Alertamos, porém conforme o próprio Gutierrez (2001), bem como Marcellino (2000b) e

Camargo (2003), que uma atividade de lazer não pressupõe necessariamente a consumação do

prazer.

Palavras Finais

De acordo com os dados apresentados e discutidos ao longo do estudo, percebemos que

as “historinhas” apresentam uma série de modelos de práticas sociais que são veiculadas através

do mundo das HQ de Maurício de Sousa, dentre elas, a do lazer.

No entanto, assim como nas pesquisas de estudiosos do lazer, as crianças também não

têm um consenso sobre o conceito de tal fenômeno.

De uma forma ou de outra, seja através da leitura ou da vivência de brincadeiras dos

personagens, a influência exercida pelas HQ na formação da compreensão do lazer é fortemente

influenciada.

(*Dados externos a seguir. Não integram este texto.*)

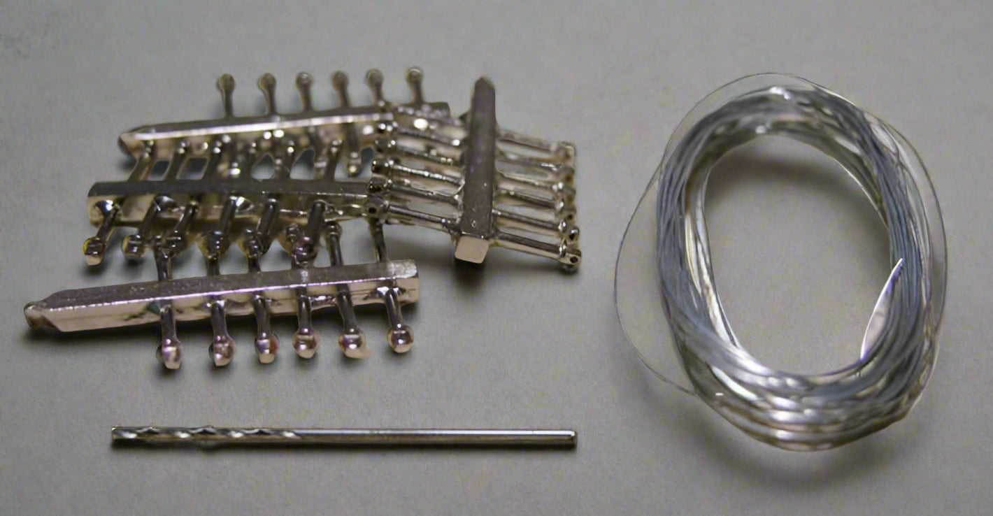 The Studs (48) are cast in bronze, nickel plated. Includes 2 yds. of 28 gauge wire and #61 drill.
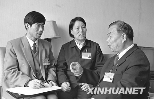 1994年3月18日,出席八届全国人大二次会议的全国人大代表申纪兰(中)、李双良(右)、亢龙田(左)在一起商讨为贫困山区修路的问题(资料图片)。 新华社发
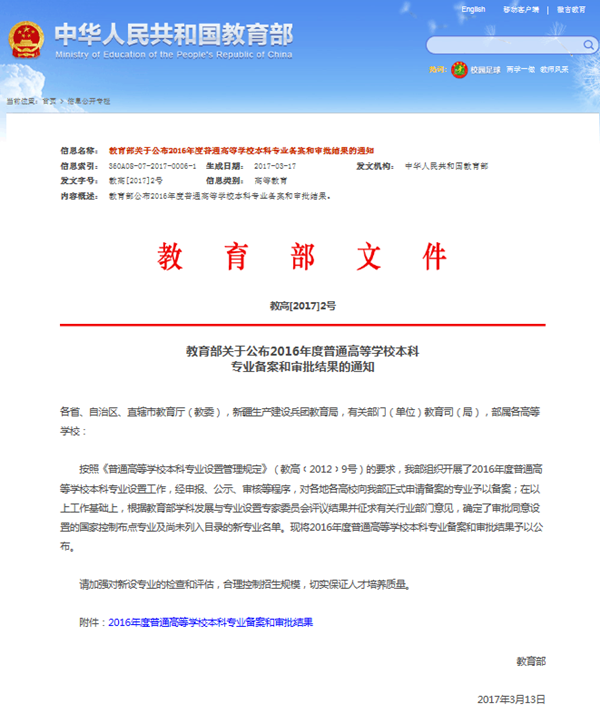 本网讯(通讯员:孙雁南)近日,教育部下发《教育部关于公布2016年度普通高等学校本科专业备案和审批结果的通知》(教高[2017]2号),我校申报的商务经济学(020105T)、会计学(120203K)、审计学(120207)、表演(130301)、艺术与科技(130509T)、互联网金融共6个本科专业获准设置。其中,互联网金融专业不仅是我校首次获批设置的国家目录外新专业,而且是国家首次同意设置的专业。
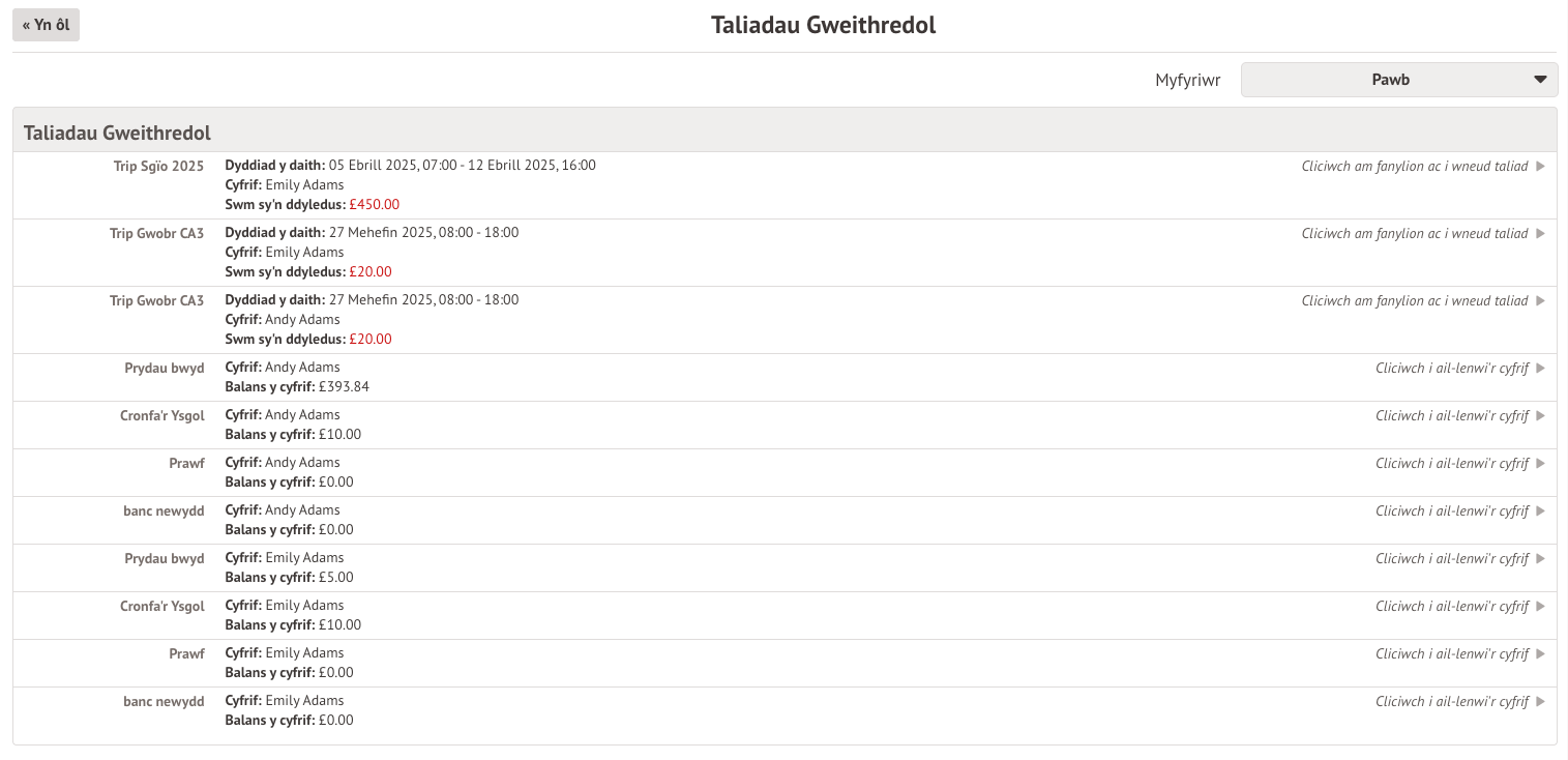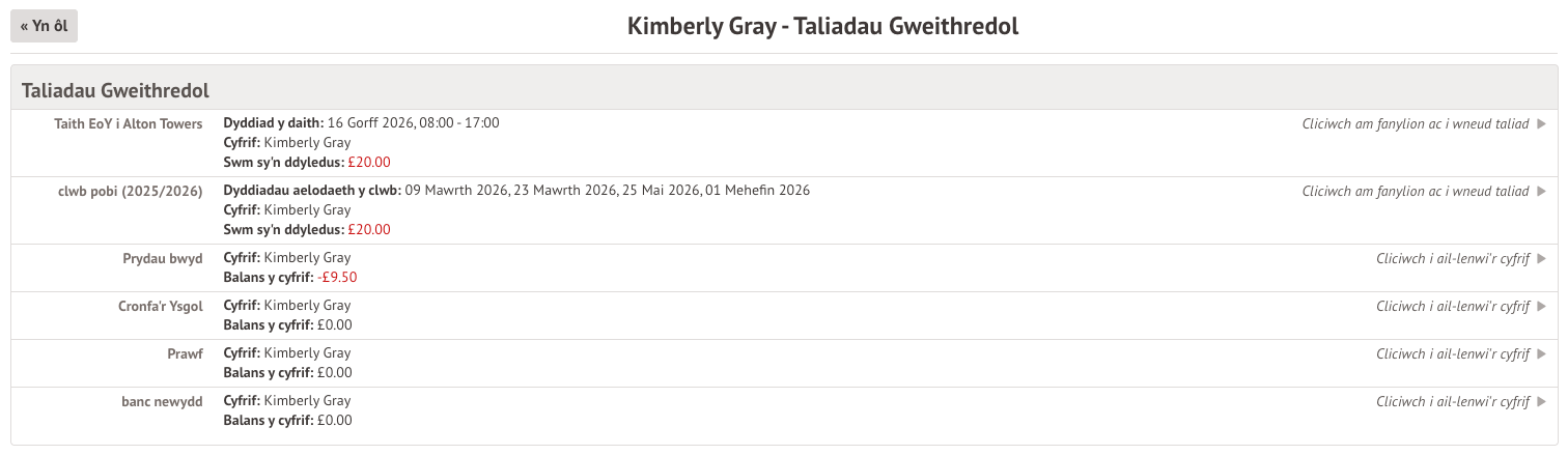 Gallwch chi reoli cyfrifon ar gyfer unrhyw ardal o Arbor y mae eich ysgol wedi ei chreu i dderbyn taliadau ar eu cyfer. Yma, gallwch chi wneud taliadau ac ychwanegu arian at gyfrifon, hefyd. I gael mwy o wybodaeth am wneud taliadau, gweler ein herthyglau ynghylch cofrestru ar gyfer clwb ac ynghylch cofrestru ar gyfer trip.
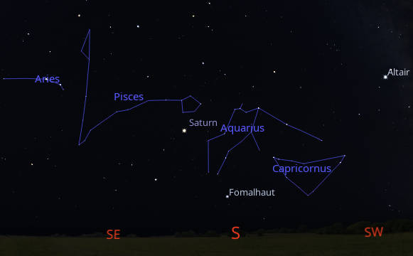 Saturn in the south southeast with the nearby zodiacal constellations at 8 PM tonight, November 12, 2025. Created using Stellarium.
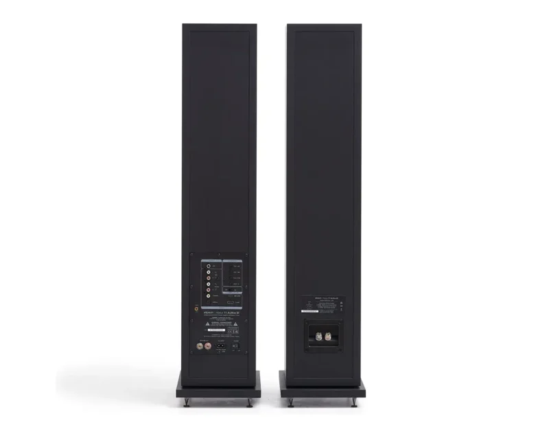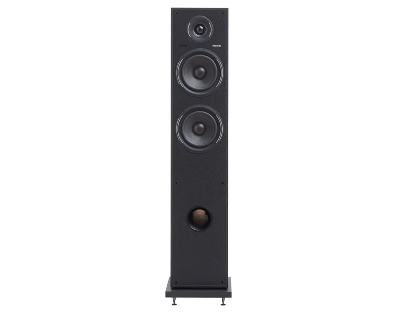 Elegantna vitka oblika in visokokakovostna zaključna obdelava omogočata, da se zvočnik harmonično poda tako v minimalistična kot klasična bivalna okolja. Njegova prednja bass-reflex odprtina omogoča optimalno reprodukcijo nizkih tonov tudi blizu stene, kar olajša postavitev v manjših prostorih ali stanovanjih.

E, percebemos, através das entrevistas, que existem nas HQ mensagens e valores

que podem tanto ir no sentido da legitimação e continuidade da ordem socialmente estabelecida,

como favorecer a reflexão-ação crítica.

Nosso estudo reconhece e propõe que as revistas de HQ sejam também uma

possibilidade de material pedagógico, para educadores e/ou educadoras, a fim de possibilitar

reflexão, por parte das crianças, das próprias HQ, como também dos elementos constitutivos do

lazer, de maneira crítica e criativa.

De todo modo entendemos a necessidade de mais estudos dedicados a temática das HQ,

que carece de outros aprofundamentos.